Dans un récent blogue, j'ai parlé de l'importance d'utiliser la méthode scientifique pour évaluer de nouveaux produits. Ma référence historique aux origines du terme « remède de charlatan » a provoqué des réactions intéressantes, mais c'était un moyen d'attirer l'attention des lecteurs et, apparemment, ceci a bien marché!

En guise de suivi, examinons comment la relation entre l'industrie du papier et ses fournisseurs de produits chimiques a évolué depuis la fin du 20e siècle vers une relation symbiotique forte qui est importante pour l'innovation et le développement continus de l'industrie, en utilisant l'exemple du papier journal.

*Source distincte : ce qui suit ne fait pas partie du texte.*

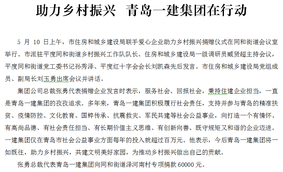 助力鄉(xiāng)村振興 青島一建集團(tuán)在行動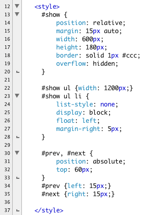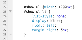 Our images are list items in an unordered list nested inside of show. First we give the unordered list a width so that all the floated li tags will have room to spread out.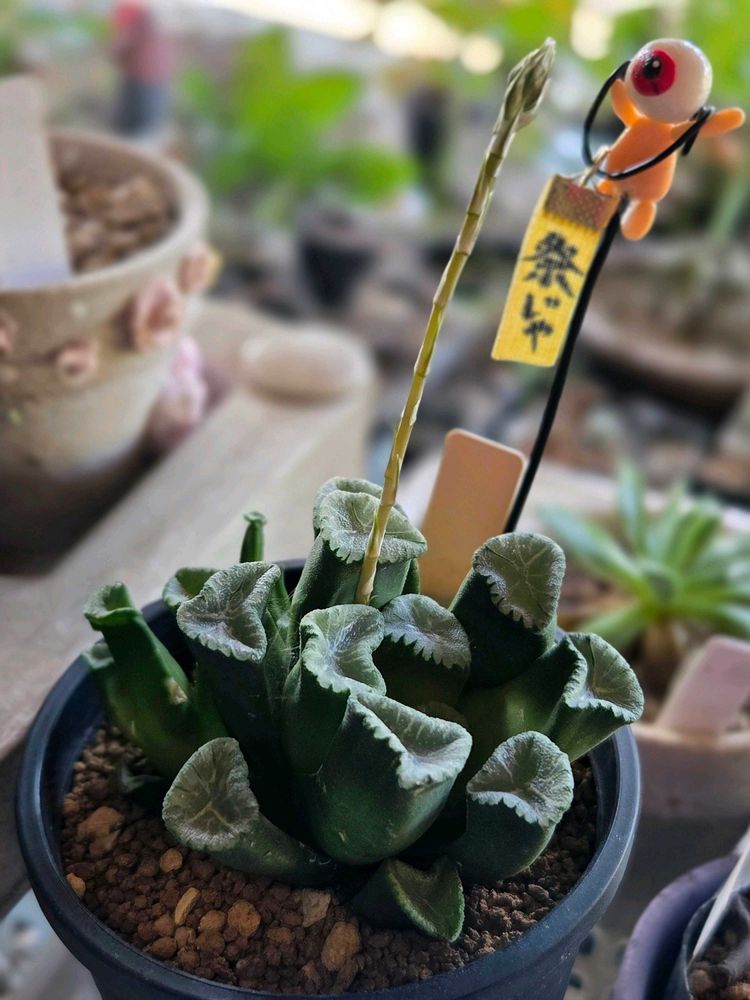 ※ハオルチア万象赤筋 × ミレニアムさんの花芽がビヨーンと👀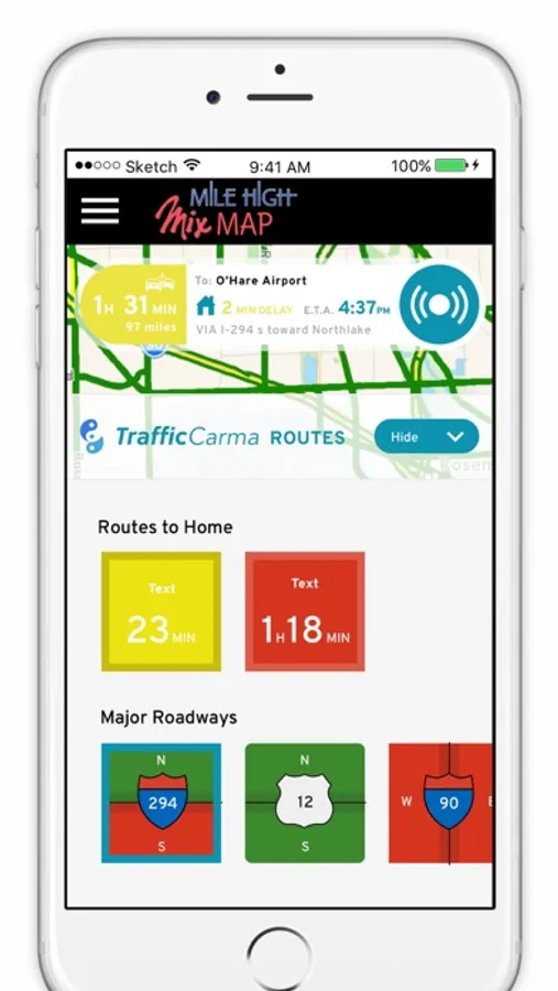 The Mile High Mix Map utilizes the cutting edge technology of TrafficCarma ™, a real-time traffic data engine that generates the most up-to-the-minute traffic and routing information from one of the world’s leading sources of traffic data.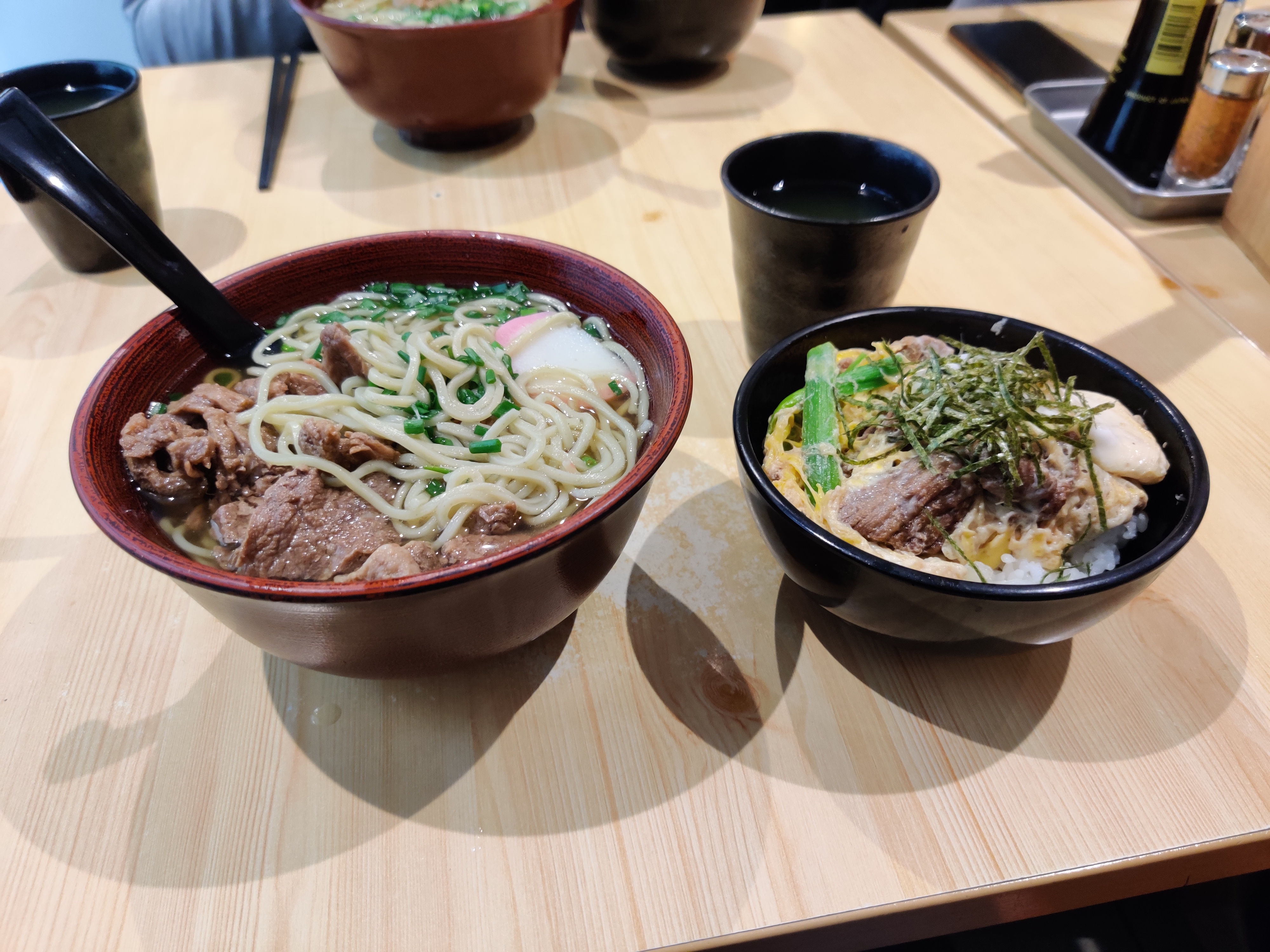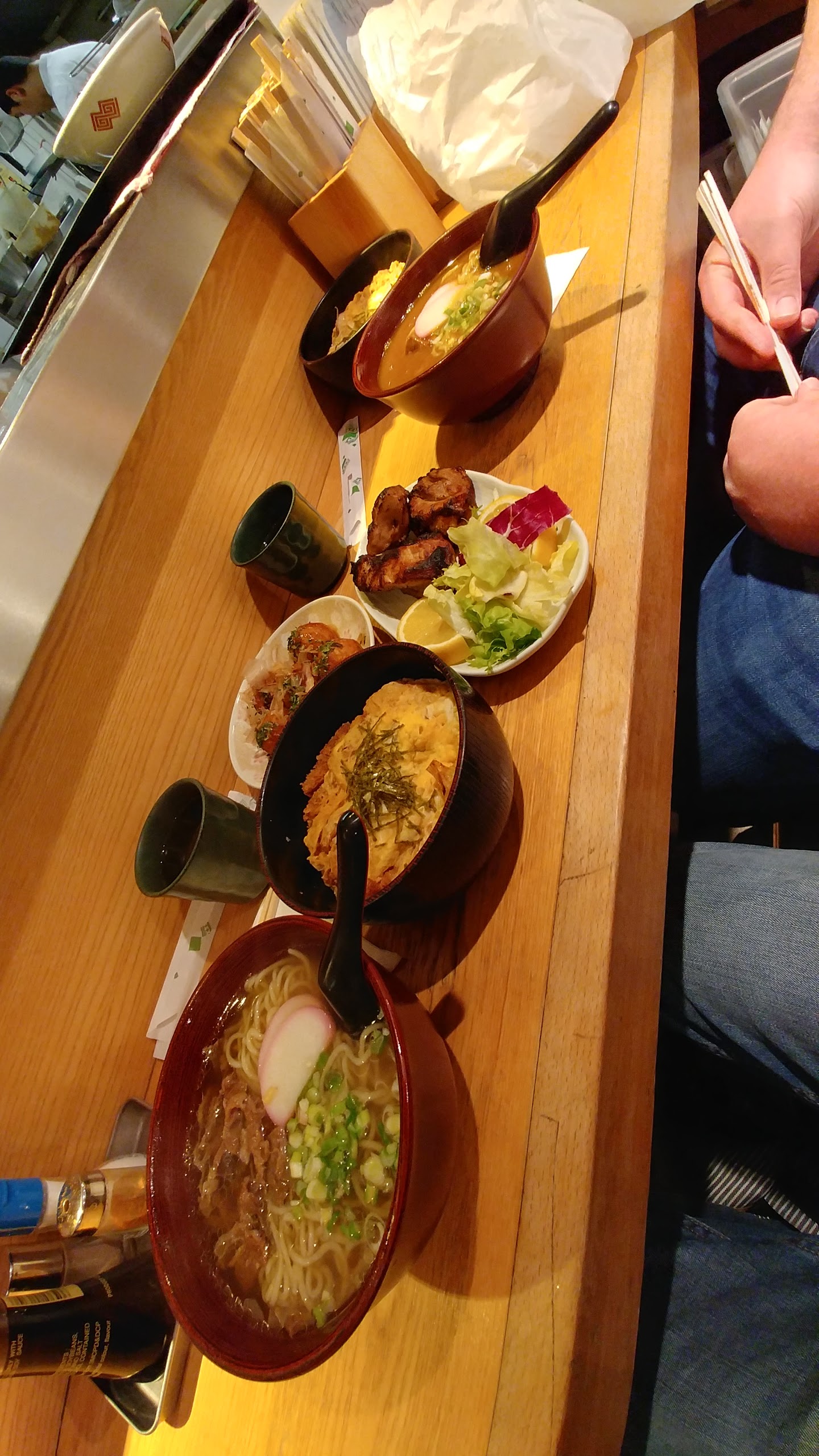 Nourriture correcte et bon marché. Bon Tendon, pas beaucoup de viande dans le ramen, oeuf un peu cuit. Porc du donburi un peu ferme. Accueil sympa.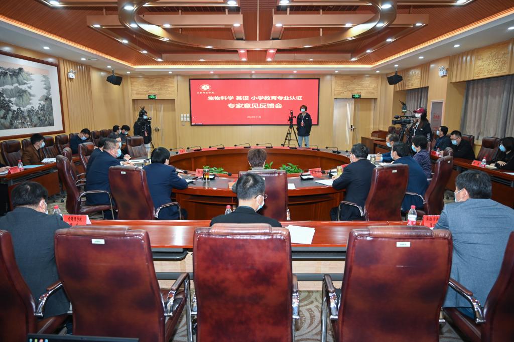11月2日,学校在成均楼B301会议室召开2022年师范类专业认证专家意见反馈会。教育部师范类专业认证专家组全体成员,河南省教育评估中心副主任张新民,我校全体校领导,相关职能部门负责人,生物科学、英语、小学教育三个专业所在学院领导班子成员,设有师范类专业的学院负责人参加反馈会。会议由联合认证专家组组长暨生物科学专业专家组组长、南京师范大学原副校长傅康生教授主持。

Pour planter le décor, le papier journal au début des années 80 était fabriqué avec 70 à 100 % de pâte mécanique (des pâtes chimiques ou semi-chimiques constituaient le reste de la matière première), et les journaux étaient principalement imprimés par typographie ou offset à froid, avec très peu de couleurs. Seules quelques usines de papier journal utilisaient des additifs chimiques dans leur composition. De nombreuses machines étaient des Fourdriniers, certaines étaient des formeurs double toile, et les formeurs fermés (« gap formers ») étaient relativement nouveaux et rares.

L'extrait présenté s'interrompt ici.